SHOE STORIES - Daniel’s Story – Black ‘47

My name is Daniel Tighe / Tye, I am 12 years old, in May 1847 the worst year of the Great Irish Famine, I walked this path from Strokestown to Dublin heading for a Ship and in hope of a new life in North America. Follow in the footsteps of my story through the 30 pairs of Bronze Shoes along the National Famine Way.

I was glad to leave the busy town and get back on the canal path. John and I watch two butterflies flutter in the sunlight and overhead high in the leafy trees could hear a pair of wood pigeons who have somehow managed to survive and make a nest.

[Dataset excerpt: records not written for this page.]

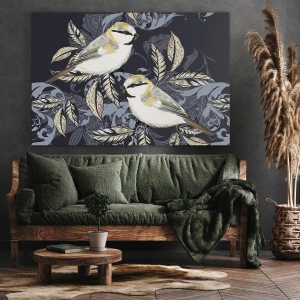 - Obraz przedstawiający dwa ptaki siedzące na gałęziach z ornamentowym tłem. Elegancki styl i subtelne detale wprowadzają harmonię i spokój do każdego wnętrza.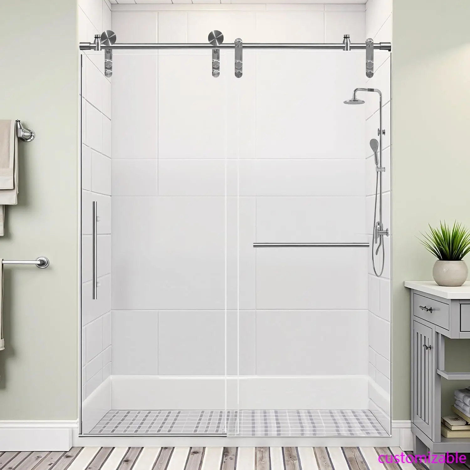 Frameless Shower Door with 8mm Tempered Glass, Stainless Steel Hardware, Modern Style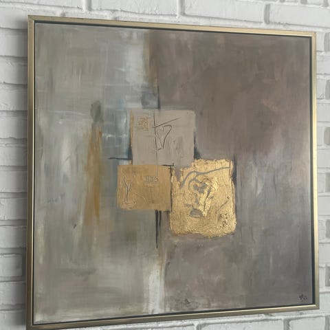 Guld, turkis, grå, sort akryl billede I svæveramme.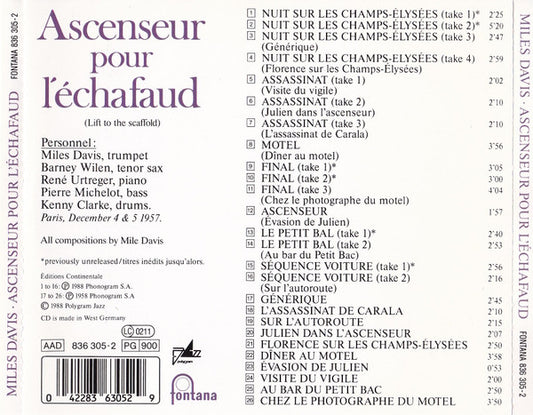 Miles Davis - Ascenseur Pour L'Échafaud (Lift To The Scaffold) (CD, Album, RE) Europe 0 VG+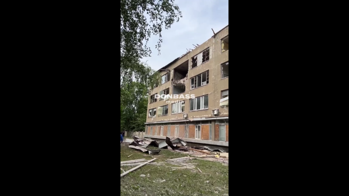 Предварительно, есть прилет по зданию Научно-Исследовательского института в районе Покровского рынка. Мирный житель получил смертельные ранения (1 видео).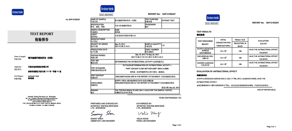 該系列紡織品采用的抗菌棉纖維,所織面料可耐水洗100次保持有效抗菌,可用于高品質(zhì)棉質(zhì)永久抗菌面料。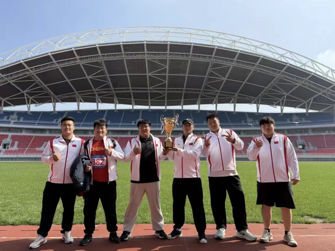 (泰山科技学院田径队赛场获奖集体照)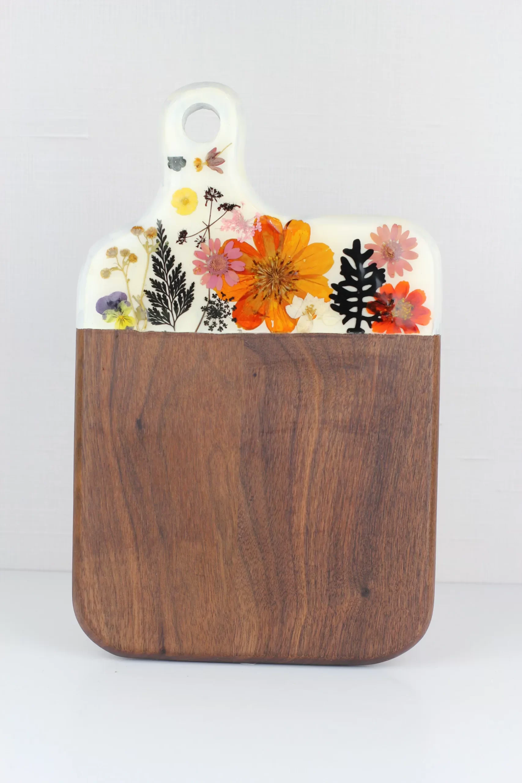They are all made with walnut wood which has a dark unique grain structure and smooth surface to feel. Each board has several resin layers poured on the wood to preserve the dried flowers on the 1/4 to ½ of the board. Leaving some wood portion un resin-ed to cutting/chopping purpose.They are medium sized boards best used for serving food such as cheese, meat and appetizers. They can withstand heat and all of them are food safe.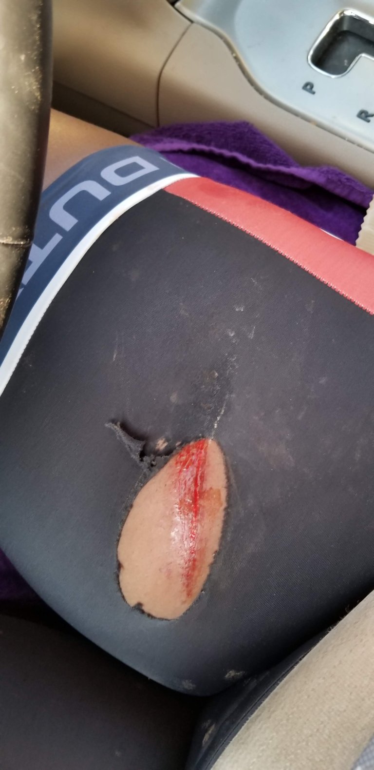 At the edge of the Red parking lot. I felt woozy, my blood pressure dropped and I was trembling. I thought to myself, ” You need to stop!” “Nah, you got this”, I said to myself and continued to pedal. Then something hit me. Was that a low flying bird? Whatever hit me in my face, smacked me in my eye. I shuttered from the pain. I tried to open my left eye. I couldn’t see anything. My vision was impaired. There was something in my eye. It felt like a mosquito had flown into my eye and was trying to sting its way out. I could feel something crawling around in the bottom of my eye between my eye and lid scratching my eye. I removed my left hand from my bike and tried to hold my eye. I had forgotten I was on the bike for a brief moment. I tried to open my right hand to grasp the brake gears, but I had trouble manipulating my fingers to control the braking mechanism. I decided to just let my bike roll until it stopped. I decided that it was time to quit. I was cold, I couldn’t see and in pain. I stopped a few inches from some volunteers and told them I was a previous spinal cord injury and had hypothermia previously, they called for an ambulance. I began to cry as I told them I quit.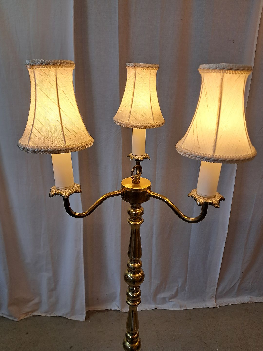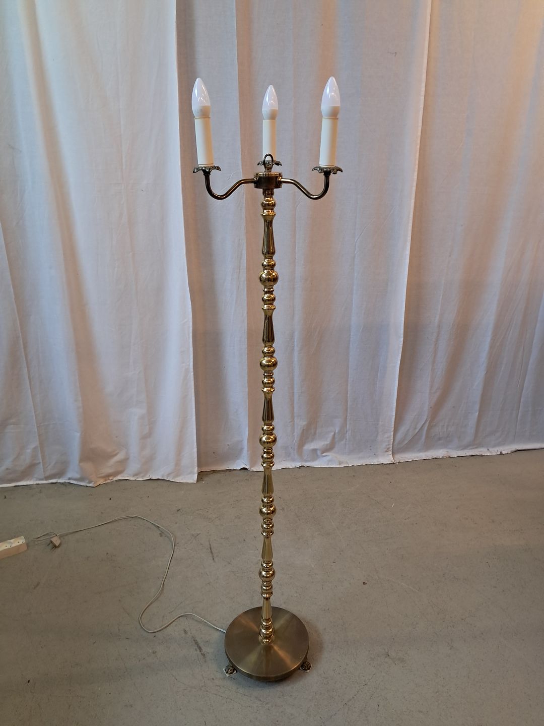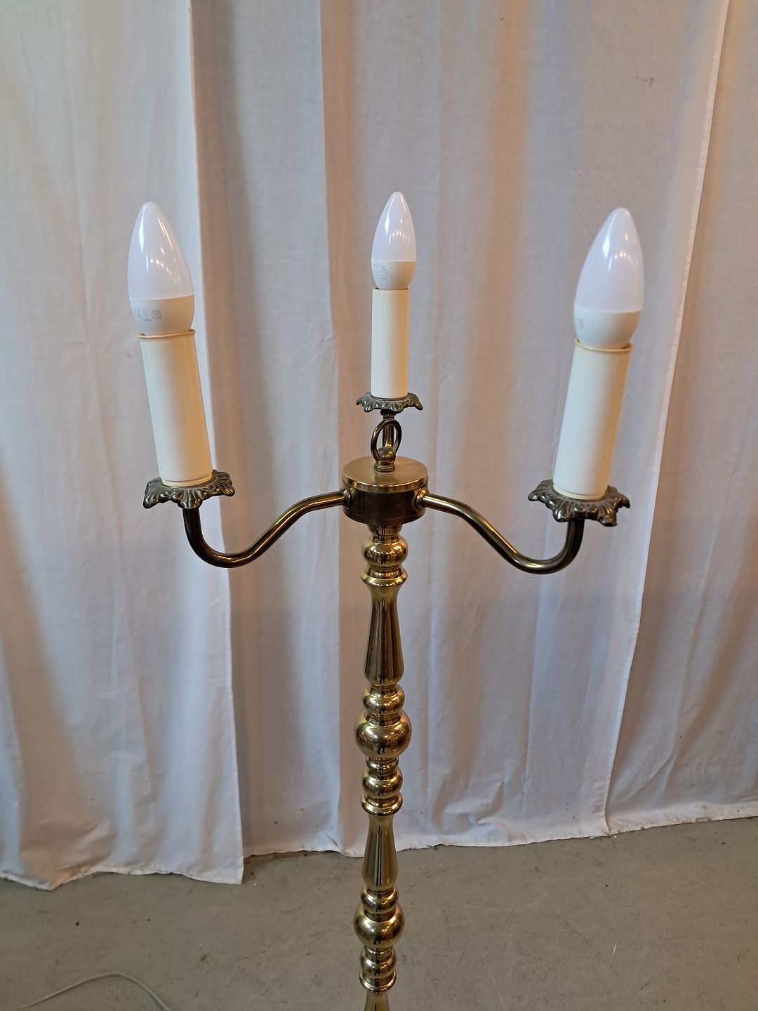 Standerlampe i messing med 3 skærme, fra 1980erne. Den har brugsspor. Højde 150cm Diameter på fod 29cm Emne nummer: 77749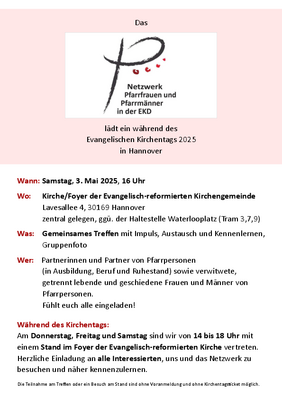 erstmals wird das Netzwerk Pfarrfrauen und Pfarrmänner der EKD mit einem Stand und einem Austauschtreffen beim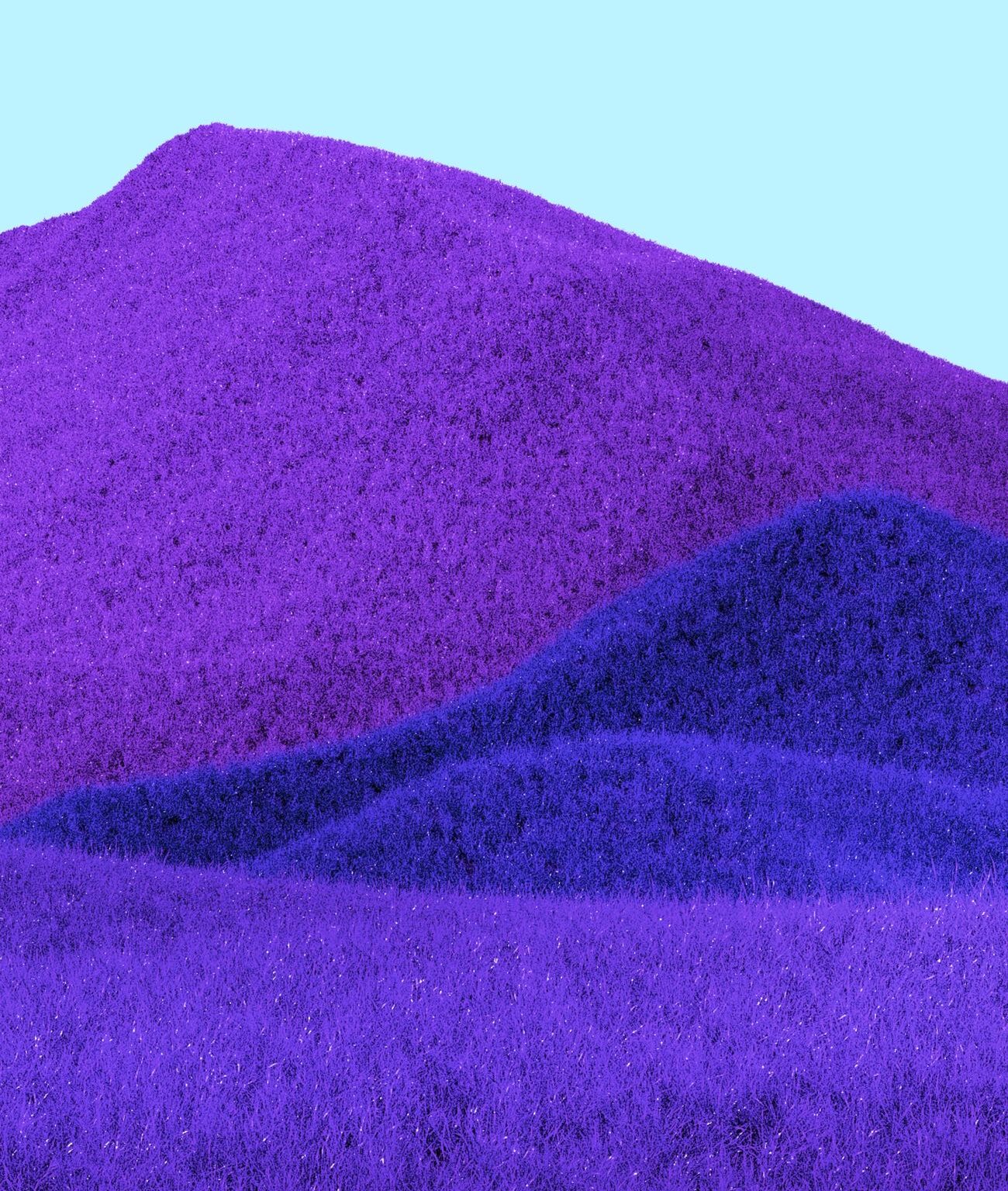 Rolling hills in shades of purple fill the frame, appearing to be reflected in dark water below. The close-up composition emphasizes the tex

Da showed me how to use a sling and stone to try and catch a fat woodpigeon in the woods for Mam to put in the pot, but soon near us all the woodpigeons had gone

We slow down as we pass a graveyard in Kilpatrick, for two men are there with shovels busy burying the dead. They have a cart piled high with bodies and Uncle William said they needed to bury them quickly in the earth and have a trap coffin to use. ‘A what ?’ I said. ‘ Hush Daniel, the little ones. It’s a coffin with a hinged bottom which opens to drop the poor soul into the grave and can be used again and again. More dignity than what those in the ditches in Tarmonbarry got.’ I appreciate the way Uncle William treats me like a grown up.

Likely many had died of fever like poor Father had. It was a terrible sight for most of the dead had little clothes and only a blanket flung over them. Mam and the women began to cry. I put my arms around Catherine for she looks like a little white ghost.

Kilpatrick Bridge


Kilpatrick is it site of a cholera graveyard dating from 1832, although an earlier graveyard many have existed on the site. Cholera first appeared in Ireland in March 1832, having spread from England and Scotland into the ports of Belfast and Dublin before making its way rapidly across the country. It struck fear into the heart of society as it cause was unknown and its effects deadly – both rich and poor were often struck down within 12 hours of contracting the disease. Some communities attempted to prevent cholera from entering their communities by disrupting travel, including the cutting canal banks to prevent the passage of boats as was reported on the Grand Canal outside Tullamore in June 1832. Individuals who attended wakes were vulnerable to the contagion. The local board of health in Mullingar faced resistance when attempting to introduce emergency burial regulations in September 1832 and there were calls for protective escorts for the cholera dead as burials in regular graveyards proved controversial. It was also reported to government that the building selected as a temporary cholera hospital in Mullingar by the Board of Heath was unsuitable and that the County Infirmary be used instead. Cholera struck again in April 1849, the worst of the Famine years in Mullingar, as the overcrowded town was again hit by a cholera outbreak, contributing to more deaths in 1849 than in previous years. Though not directly caused by famine conditions, the disease hit the poor, unsanitary and overcrowded area of Cabbage Street and it’s weakened inhabitants hardest. It is more than likely that victims of this later epidemic were also buried at Kilpatrick.